> **WHAT TO PRODUCE**
A word-for-word retyping of the listing below is required, with the pictures dropped.

*** INPUT ***

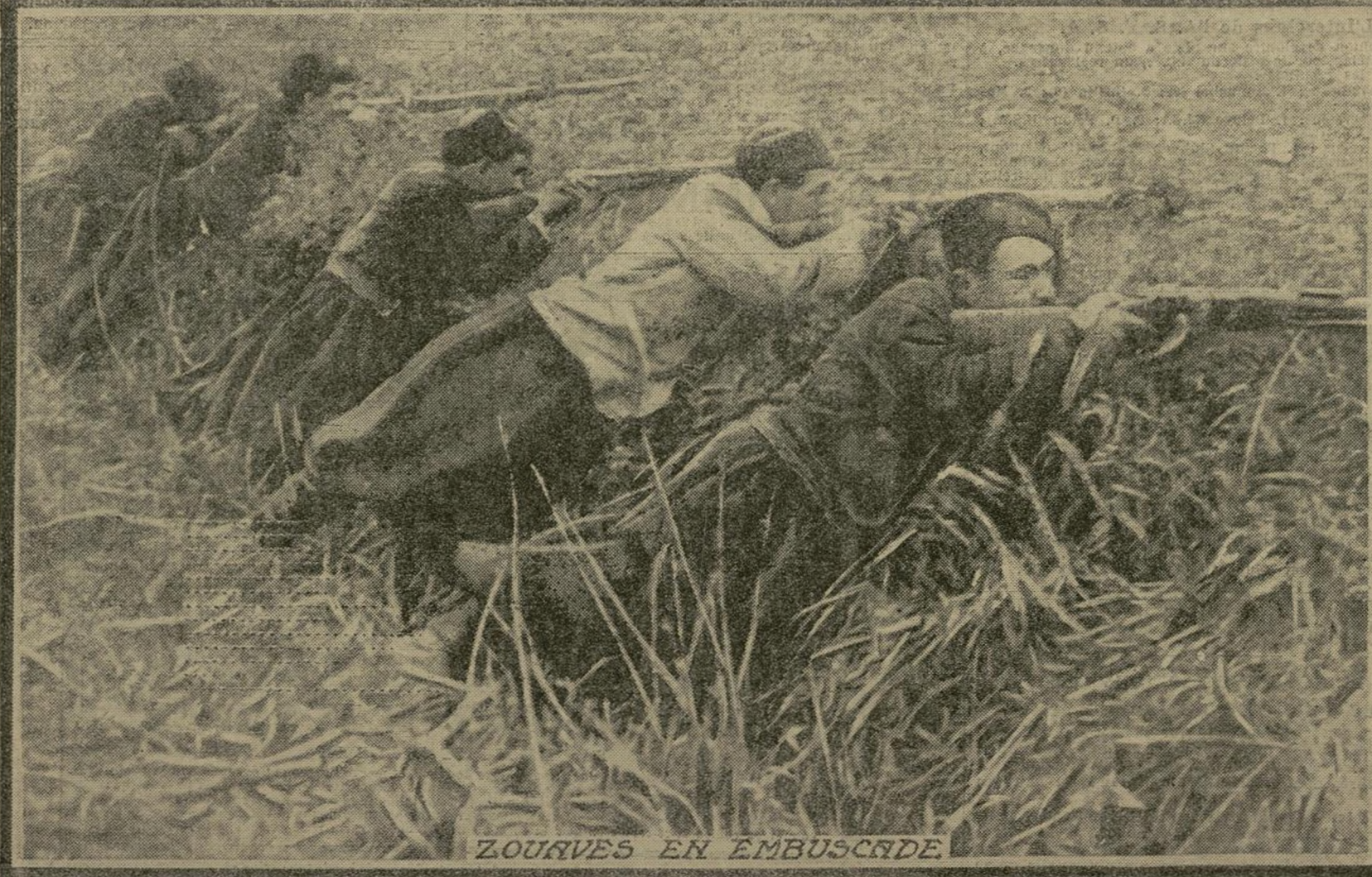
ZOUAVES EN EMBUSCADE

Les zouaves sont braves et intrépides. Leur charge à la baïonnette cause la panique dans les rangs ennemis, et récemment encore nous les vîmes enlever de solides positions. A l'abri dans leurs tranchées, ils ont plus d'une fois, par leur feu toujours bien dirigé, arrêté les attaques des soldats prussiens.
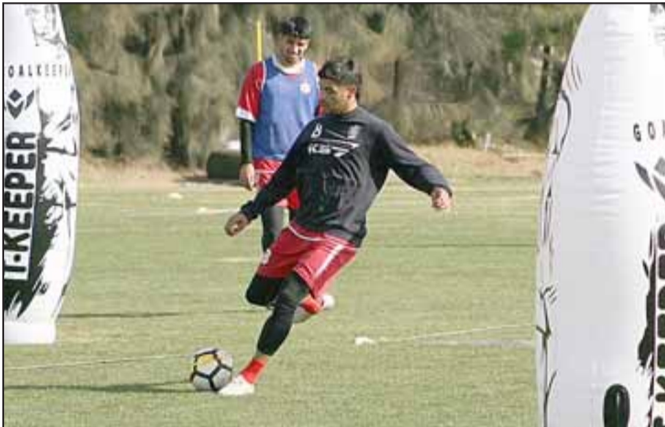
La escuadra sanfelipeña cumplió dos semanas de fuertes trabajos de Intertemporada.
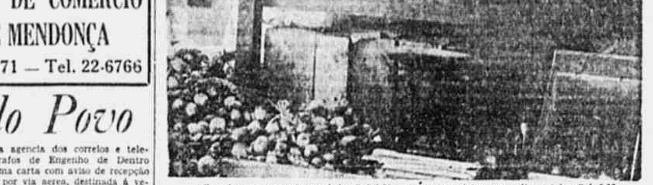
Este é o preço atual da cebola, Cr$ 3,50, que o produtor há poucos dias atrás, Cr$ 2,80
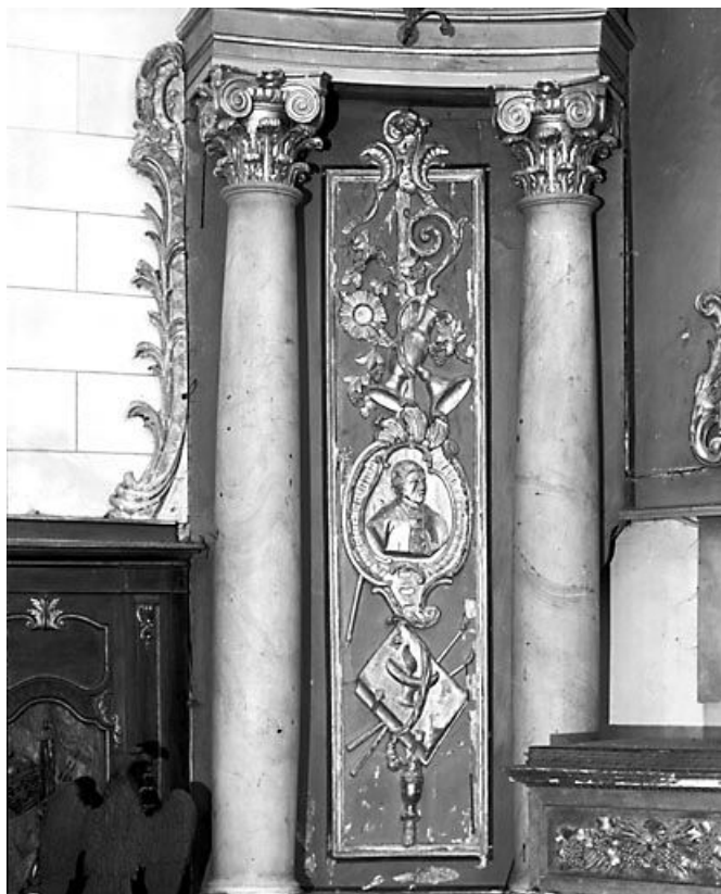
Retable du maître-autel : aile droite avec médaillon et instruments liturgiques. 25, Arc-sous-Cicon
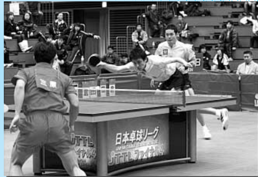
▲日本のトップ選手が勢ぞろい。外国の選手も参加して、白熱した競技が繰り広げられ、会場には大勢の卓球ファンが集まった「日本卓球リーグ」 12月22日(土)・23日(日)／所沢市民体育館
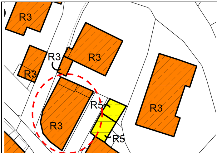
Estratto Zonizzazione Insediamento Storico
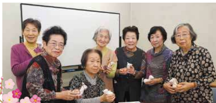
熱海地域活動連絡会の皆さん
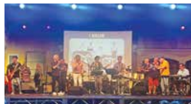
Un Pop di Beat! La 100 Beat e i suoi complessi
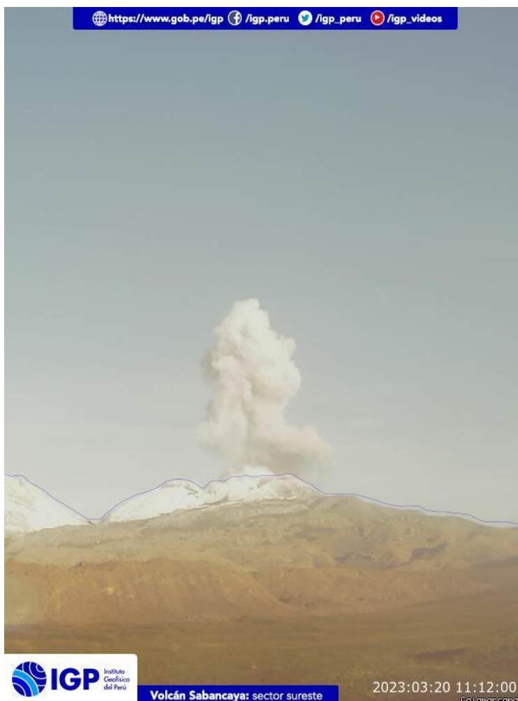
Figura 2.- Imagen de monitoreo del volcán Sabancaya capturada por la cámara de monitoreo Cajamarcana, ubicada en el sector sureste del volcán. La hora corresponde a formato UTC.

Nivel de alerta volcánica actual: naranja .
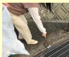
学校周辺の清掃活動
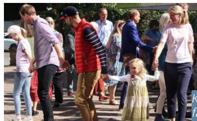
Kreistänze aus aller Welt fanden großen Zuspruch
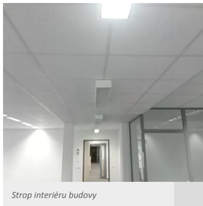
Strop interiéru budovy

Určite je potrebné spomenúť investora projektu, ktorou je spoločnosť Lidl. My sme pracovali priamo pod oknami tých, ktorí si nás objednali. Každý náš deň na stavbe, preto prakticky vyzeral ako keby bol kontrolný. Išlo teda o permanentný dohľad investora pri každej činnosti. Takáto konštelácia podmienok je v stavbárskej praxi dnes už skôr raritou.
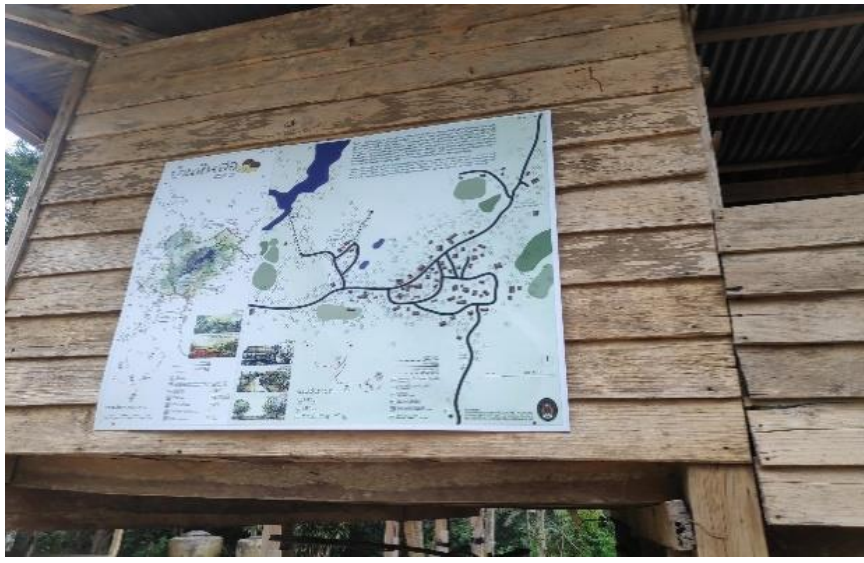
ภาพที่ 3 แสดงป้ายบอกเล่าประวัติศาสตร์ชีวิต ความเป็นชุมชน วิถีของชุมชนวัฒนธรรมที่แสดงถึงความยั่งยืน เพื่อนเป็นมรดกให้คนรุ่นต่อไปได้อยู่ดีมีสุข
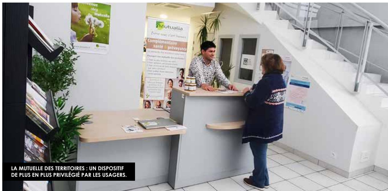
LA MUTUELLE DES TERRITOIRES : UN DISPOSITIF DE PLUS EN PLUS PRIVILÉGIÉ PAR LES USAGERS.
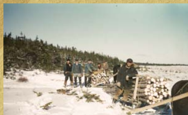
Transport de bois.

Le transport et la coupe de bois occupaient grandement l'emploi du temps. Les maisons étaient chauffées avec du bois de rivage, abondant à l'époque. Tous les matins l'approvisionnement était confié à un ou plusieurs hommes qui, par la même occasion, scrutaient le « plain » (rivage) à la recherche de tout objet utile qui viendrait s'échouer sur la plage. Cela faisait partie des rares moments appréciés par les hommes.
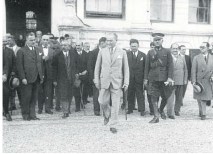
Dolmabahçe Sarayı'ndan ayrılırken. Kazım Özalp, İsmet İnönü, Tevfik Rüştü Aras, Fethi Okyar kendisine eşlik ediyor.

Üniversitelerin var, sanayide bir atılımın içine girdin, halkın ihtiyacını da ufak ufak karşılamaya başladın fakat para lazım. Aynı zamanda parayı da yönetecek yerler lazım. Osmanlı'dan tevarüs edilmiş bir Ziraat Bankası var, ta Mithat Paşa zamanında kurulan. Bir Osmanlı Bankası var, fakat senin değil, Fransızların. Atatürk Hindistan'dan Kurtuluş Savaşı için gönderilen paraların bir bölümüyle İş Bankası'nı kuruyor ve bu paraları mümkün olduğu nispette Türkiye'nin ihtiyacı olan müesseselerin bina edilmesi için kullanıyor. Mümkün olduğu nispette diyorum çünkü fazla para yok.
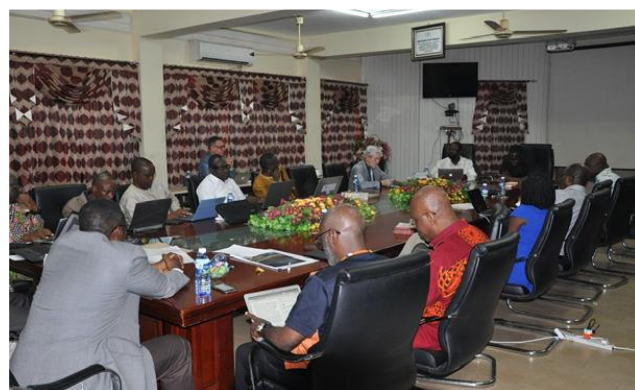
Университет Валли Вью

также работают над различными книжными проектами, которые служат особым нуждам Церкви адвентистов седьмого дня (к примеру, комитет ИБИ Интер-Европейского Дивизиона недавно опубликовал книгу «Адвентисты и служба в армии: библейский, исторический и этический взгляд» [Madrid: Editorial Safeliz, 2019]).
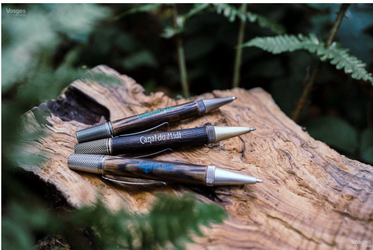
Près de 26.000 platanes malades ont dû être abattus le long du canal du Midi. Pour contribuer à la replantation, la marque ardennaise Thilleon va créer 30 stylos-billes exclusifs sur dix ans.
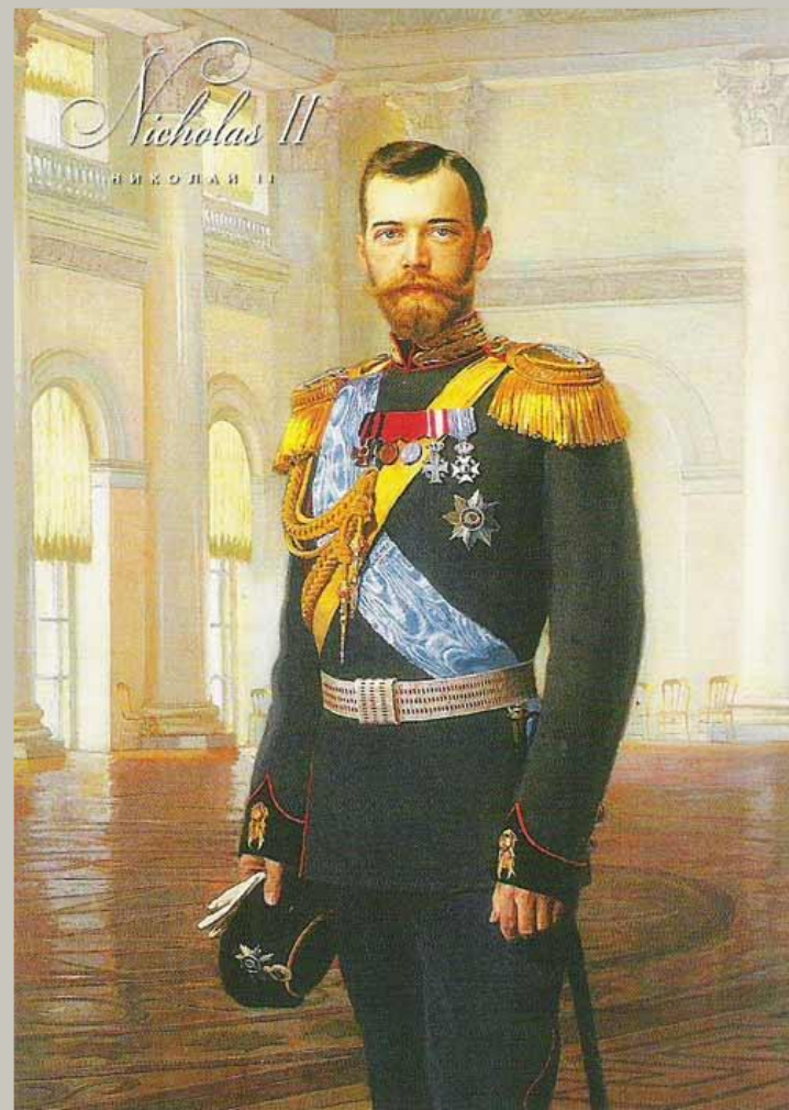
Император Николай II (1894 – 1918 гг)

*** End of INPUT ***

> **RESULT BELOW**
ZOUAVES EN EMBUSCADE

Les zouaves sont braves et intrépides. Leur charge à la baïonnette cause la panique dans les rangs ennemis, et récemment encore nous les vîmes enlever de solides positions. A l'abri dans leurs tranchées, ils ont plus d'une fois, par leur feu toujours bien dirigé, arrêté les attaques des soldats prussiens.
La escuadra sanfelipeña cumplió dos semanas de fuertes trabajos de Intertemporada.
Este é o preço atual da cebola, Cr$ 3,50, que o produtor há poucos dias atrás, Cr$ 2,80
Retable du maître-autel : aile droite avec médaillon et instruments liturgiques. 25, Arc-sous-Cicon
▲日本のトップ選手が勢ぞろい。外国の選手も参加して、白熱した競技が繰り広げられ、会場には大勢の卓球ファンが集まった「日本卓球リーグ」 12月22日(土)・23日(日)／所沢市民体育館
Estratto Zonizzazione Insediamento Storico
熱海地域活動連絡会の皆さん
Un Pop di Beat! La 100 Beat e i suoi complessi
Figura 2.- Imagen de monitoreo del volcán Sabancaya capturada por la cámara de monitoreo Cajamarcana, ubicada en el sector sureste del volcán. La hora corresponde a formato UTC.

Nivel de alerta volcánica actual: naranja .
学校周辺の清掃活動
Kreistänze aus aller Welt fanden großen Zuspruch
Strop interiéru budovy

Určite je potrebné spomenúť investora projektu, ktorou je spoločnosť Lidl. My sme pracovali priamo pod oknami tých, ktorí si nás objednali. Každý náš deň na stavbe, preto prakticky vyzeral ako keby bol kontrolný. Išlo teda o permanentný dohľad investora pri každej činnosti. Takáto konštelácia podmienok je v stavbárskej praxi dnes už skôr raritou.
ภาพที่ 3 แสดงป้ายบอกเล่าประวัติศาสตร์ชีวิต ความเป็นชุมชน วิถีของชุมชนวัฒนธรรมที่แสดงถึงความยั่งยืน เพื่อนเป็นมรดกให้คนรุ่นต่อไปได้อยู่ดีมีสุข
LA MUTUELLE DES TERRITOIRES : UN DISPOSITIF DE PLUS EN PLUS PRIVILÉGIÉ PAR LES USAGERS.
Transport de bois.

Le transport et la coupe de bois occupaient grandement l'emploi du temps. Les maisons étaient chauffées avec du bois de rivage, abondant à l'époque. Tous les matins l'approvisionnement était confié à un ou plusieurs hommes qui, par la même occasion, scrutaient le « plain » (rivage) à la recherche de tout objet utile qui viendrait s'échouer sur la plage. Cela faisait partie des rares moments appréciés par les hommes.
Dolmabahçe Sarayı'ndan ayrılırken. Kazım Özalp, İsmet İnönü, Tevfik Rüştü Aras, Fethi Okyar kendisine eşlik ediyor.

Üniversitelerin var, sanayide bir atılımın içine girdin, halkın ihtiyacını da ufak ufak karşılamaya başladın fakat para lazım. Aynı zamanda parayı da yönetecek yerler lazım. Osmanlı'dan tevarüs edilmiş bir Ziraat Bankası var, ta Mithat Paşa zamanında kurulan. Bir Osmanlı Bankası var, fakat senin değil, Fransızların. Atatürk Hindistan'dan Kurtuluş Savaşı için gönderilen paraların bir bölümüyle İş Bankası'nı kuruyor ve bu paraları mümkün olduğu nispette Türkiye'nin ihtiyacı olan müesseselerin bina edilmesi için kullanıyor. Mümkün olduğu nispette diyorum çünkü fazla para yok.
Университет Валли Вью

также работают над различными книжными проектами, которые служат особым нуждам Церкви адвентистов седьмого дня (к примеру, комитет ИБИ Интер-Европейского Дивизиона недавно опубликовал книгу «Адвентисты и служба в армии: библейский, исторический и этический взгляд» [Madrid: Editorial Safeliz, 2019]).
Près de 26.000 platanes malades ont dû être abattus le long du canal du Midi. Pour contribuer à la replantation, la marque ardennaise Thilleon va créer 30 stylos-billes exclusifs sur dix ans.
Император Николай II (1894 – 1918 гг)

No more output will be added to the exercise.